▶ [To do]: Once the pictures are set aside, transcribe the remaining data exactly.

▶ [Given data]:
****************

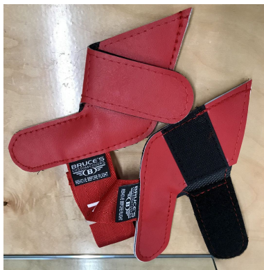
Piper PA-46-600TP M600 Pitot Covers, Heat Resistant Type, M600 Model Only

Engine Inlet Plugs are custom fit for your Piper PA-46-500TP, 600TP Meridian, M500, M600, M700 intakes, made with heavy-duty vinyl material, and stuffed with a single block of sculpted urethane foam. Each plug has a zipper that allows the foam to be removed and dried if necessary. Engine plugs have warning flags that are visible from the cockpit or 'remove before flight' streamers sewn onto the face of the plugs. Most plugs are imprinted with the aircraft registration number in black for an extra charge. Storage bag NOT included. Engine plugs may be inserted after flight when the engine is still warm. Engine Inlet Plugs are commonly referred to as Cowl Plugs, Intake Plugs, Cowl Blocks, Engine Blocks, and Engine Bungs.
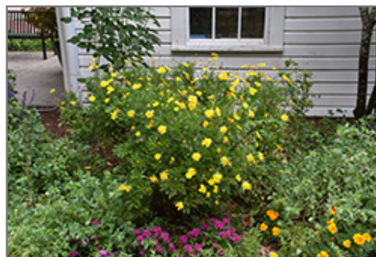
African Bush Daisy flowers

****************

▶ [Answer for the task]:
Piper PA-46-600TP M600 Pitot Covers, Heat Resistant Type, M600 Model Only

Engine Inlet Plugs are custom fit for your Piper PA-46-500TP, 600TP Meridian, M500, M600, M700 intakes, made with heavy-duty vinyl material, and stuffed with a single block of sculpted urethane foam. Each plug has a zipper that allows the foam to be removed and dried if necessary. Engine plugs have warning flags that are visible from the cockpit or 'remove before flight' streamers sewn onto the face of the plugs. Most plugs are imprinted with the aircraft registration number in black for an extra charge. Storage bag NOT included. Engine plugs may be inserted after flight when the engine is still warm. Engine Inlet Plugs are commonly referred to as Cowl Plugs, Intake Plugs, Cowl Blocks, Engine Blocks, and Engine Bungs.
African Bush Daisy flowers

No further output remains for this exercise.